Not in my graduate school experience. Presenting was often viewed as "display
my research while I read from my research".

------
jrauser
For scientific/technical talks specifically, a truly useful technique I
learned from The Craft of Scientific Presentations[1] is the assertion-
evidence slide.

This type of slide has a complete sentence at the top that makes a substantive
assertion. Then the rest of the slide contains evidence for that assertion
usually in the form of a diagram, chart or table. This type of slide is the
backbone of a scientific presentation.

Generally, Alley's book is extremely useful.

[1]: [https://www.amazon.com/Craft-Scientific-Presentations-
Critic...](https://www.amazon.com/Craft-Scientific-Presentations-Critical-
Succeed/dp/1441982787)

------
kkylin
All good points, but there are a couple mistakes I often see people (not just
beginners) make that did not get mentioned:

1\. State the problem (and convince the audience it matters) before rushing to
present a solution.

2\. Know the background of your audience, and figure out how well they need to
know the background to get something out of your talk.

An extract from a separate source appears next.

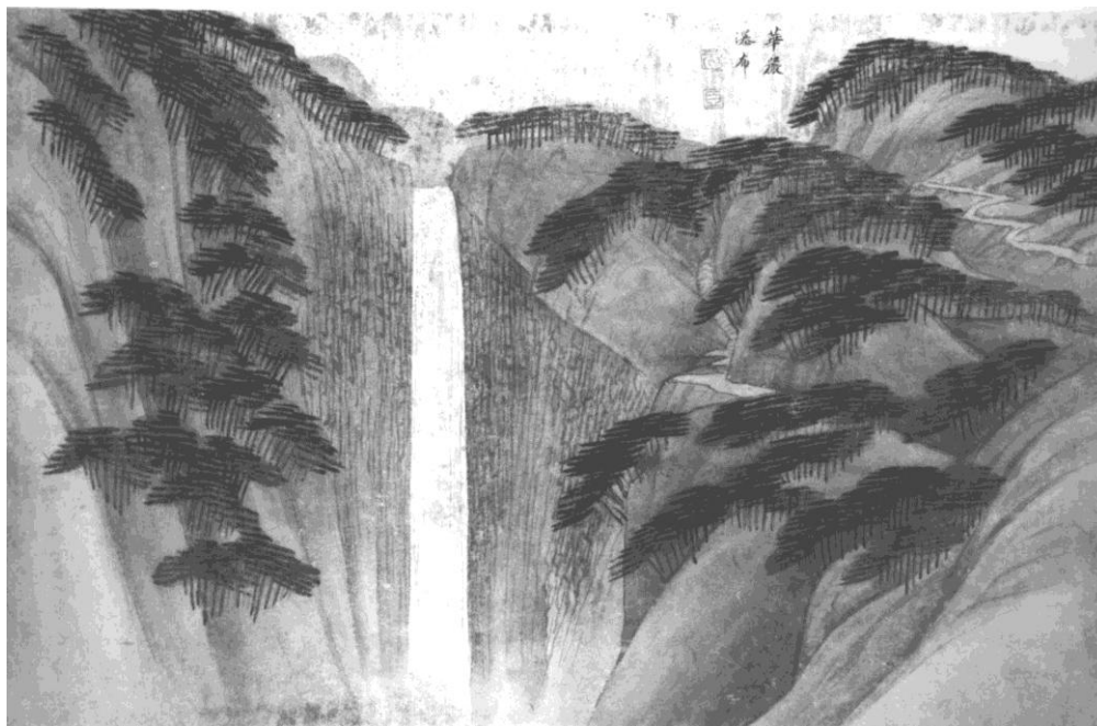
谷元旦筆 下野国内風景画 江戸時代 当館蔵

And to the grad students: sometimes, when one only has 10-15 minutes to give a
talk, it is hard to give one that makes sense to junior members of the
audience and still speak to the experts. Don't give up! and don't be shy about
asking speakers questions afterwards. Sure, there are some people who think
they are too important to talk to grad students (or even faculty) they don't
know. The worst you get from asking such people a questions is you get brushed
off (don't worry, they're not likely to remember who you are, and it's not
likely to have a negative impact on your career). But more often people are
happy to go into details, and/or put you in touch with the postdoc / grad
student who knows all the gory details, etc. etc.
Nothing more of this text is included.